In the public health system in India NM who live in villages, one each posted at sub centre has the responsibility for five villages, around 5000 population (3000 in hilly area) with difficulties of travel, supervision and retraining, accountability and linkages. So they a face limitations and results are evident. In spite of the huge health network maternal mortality has been high. When rural public health care seems choked nationwide for numbers (Rural health mission 2007 www.india together.com), any successful program is welcome. The linkage of community to referrals, proper supervision with space for change in the system as per the need can do a lot. Maternal deaths have implications to the whole family, an impact that rebounds across generations, so must be averted by all sustainable means.

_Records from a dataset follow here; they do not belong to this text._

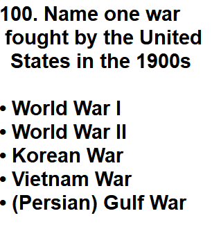 | 100. Name one war fought by the United States in the 1900s, |
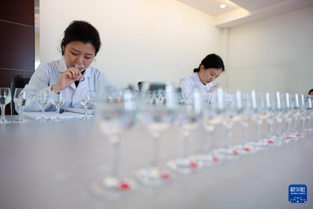 在贵州省遵义市汇川区北郊十字铺贵州珍酒厂区品酒室,王应招(左)进行新酒分级(4月23日摄)。
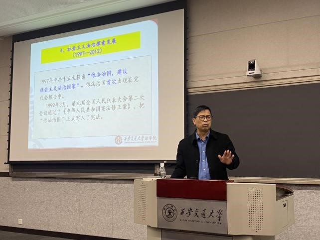 12月2日晚,开云电子体育_开云(中国)党总支书记、开云电子体育_开云(中国)立法与党内法规研究中心主任王保民教授为发展对象进行了“深入学习习近平法治思想”专题讲座。通过对习近平法治思想的历史逻辑、理论逻辑与实践逻辑的分析、对十一个坚持要求的深刻阐述,梳理了习近平总书记的部分重要论述,激励各位发展对象积极深入学习、实践。
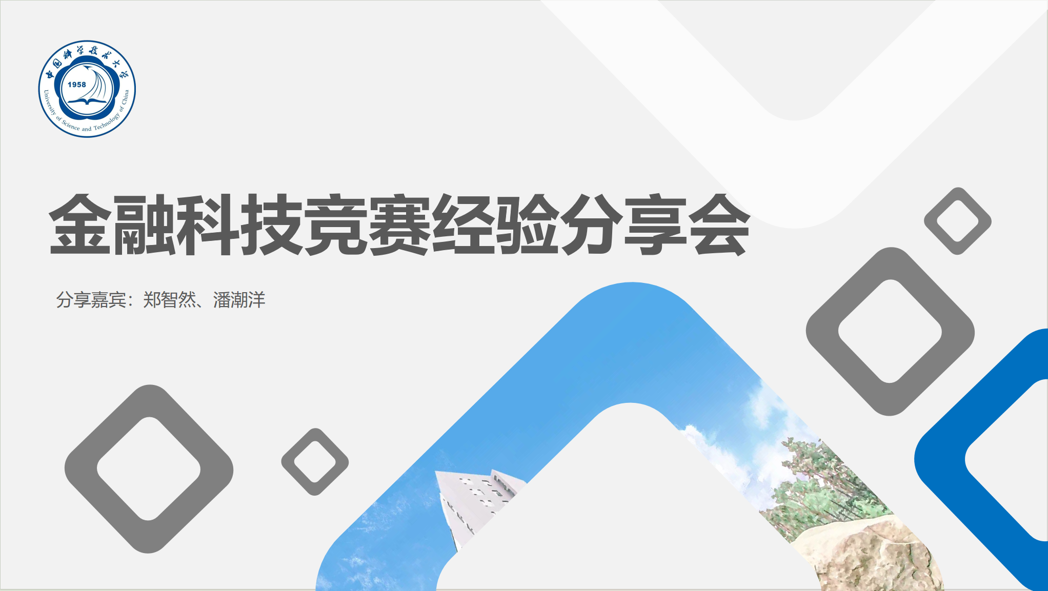 为了提升同学们对金融科技竞赛的认识,增强实战能力,中国科大MF学生联合会学习部于2025年4月7日晚在线举办了金融科技竞赛经验分享会。本次分享会特邀2023级MF学生郑智然和潘潮洋作为主讲嘉宾,他们凭借丰富的竞赛经验和独到的学习方法技巧,为与会同学分享了关于Kaggle竞赛、招商银行数字金融训练营、“实业智投”全国算法挑战大赛以及中国研究生金融科技大赛等多项赛事的宝贵经验和深刻见解。
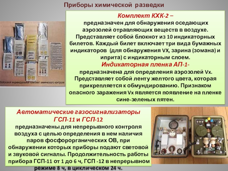 предназначены для непрерывного контроля воздуха с целью определения в нем наличия паров фосфорорганических ОВ, при обнаружении которых приборы подают световой и звуковой сигналы. Продолжительность работы прибора ГСП-11 от 1 до 6 ч, ГСП -12 в непрерывном режиме 8 ч, в циклическом 24 ч.
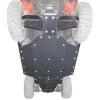 Factory UTVβs UHMW Skid Plates are the gold standard for UTV protection systems. OEM skid plates simply do not satisfactorily protect the underside of your UTV under normal off road operation. With items as important as your fuel tank and hydraulic lines right above the skid plates an alternative to the OEM skids is imperative for fun and safe off roading. Factory UTV has the answer with skid plates constructed from UHMW (Ultra-High Molecular Weight) plastic. Significantly lighter than aluminum, FUTV skids and A-Arm guards offer full protection for the undercarriage of your UTV. UHMW is tough, wear resistant plastic that combines an incredibly low coefficient of friction with outstanding impact strength, and will outwear carbon steel 10 to 1. Unlike aluminum, UHMW also has memory, meaning after a big impact hits aluminum will bend ,gouge and break while UHMW maintains itβs original shape. These skid plates are very TOUGH! Protect your investment today!
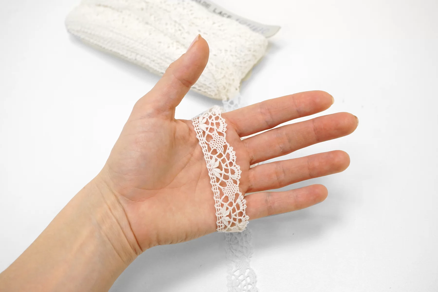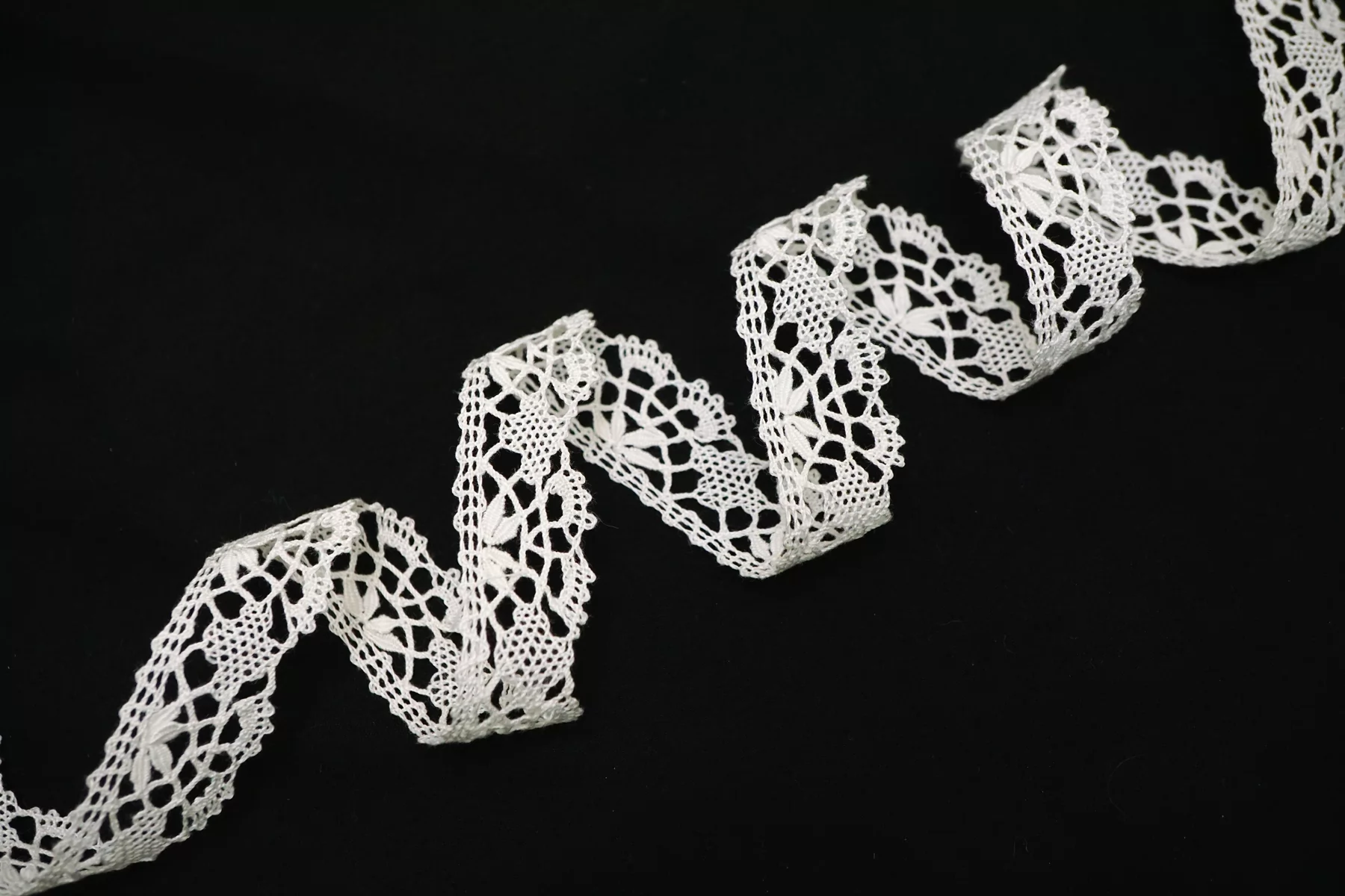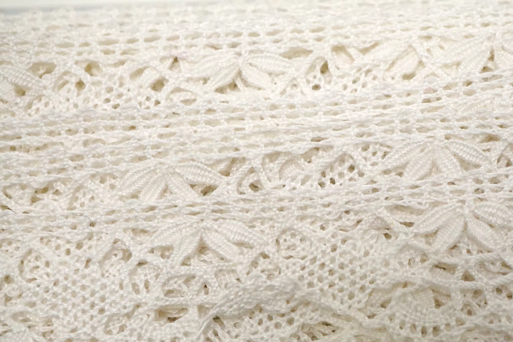 Итальянское отделочное кружево-тесьма молочно-белого цвета из хлопка. Мягкое, пластичное. Не тянется. Отлично подойдет для отделки одежды и аксессуаров.
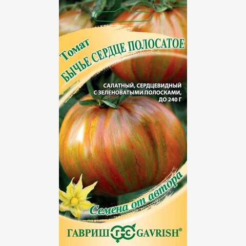 Крупноплодный сорт выделяется из линейки «бычьих сердец» оригинальной окраской, обладает приятным вкусом — сладость и нежное фруктовое послевкусие. Плодоношение начинается через 115-120 дней от всходов. Растение среднерослое, продуктивное рекомендуется для теплиц и временных пленочных укрытий. Плоды бордово-коричневого цвета с зелеными полосами от округло-сердцевидной до округлой формы, массой 140-180г (до 240г) хороши для употребления в свежем виде, нарезок, салатов и переработки. Посев на рассаду проводят в начале марта. Пикировка в фазе первого настоящего листа. Высадка рассады в парники/ теплицы — в конце мая начале июня по схеме 40х60 см. Обязательна подвязка растений через несколько дней после высадки. Семена сохраняют всхожесть в течение 10 лет при оптимальных условиях хранения. Рекомендуется увеличить норму высева по окончании срока годности. Подходит для промышленного круглогодичного выращивания с использованием светокультуры в защищенном грунте.

However there are challenges of dangerous disorders like Sickle cell Disease and, Post-Partum Haemorrhage (PPH). Also quality care is becoming an issue. Maternal death because of PPH on 4thday after caesarean section at referral health facility in recent past was a sad reminder of every day watch. So everyone has to be always ready to do the best. Recently maternal health task force also reported that midwifery care has to be part of the conversation whenever we are looking at maternal and new-born health outcomes anywhere in the world. By applying the International Confederation of Midwives’ standards on a country-by-country basis, along with the MISS scoring system, to understand how to better utilize midwives to address some of the most challenging problems in maternal and new-born health can be understood (Kayla 2018). Medical colleges or referral health facilities can become backbone of maternal care with supervised channel to avert maternal deaths, severe sicknesses till the time, the needed services will be available in villages too [12-14].
Conflict of Interest Statement
There was no conflict of interest and funding for study. It was analysis of services provided for elimination of maternal mortality and severe morbidities.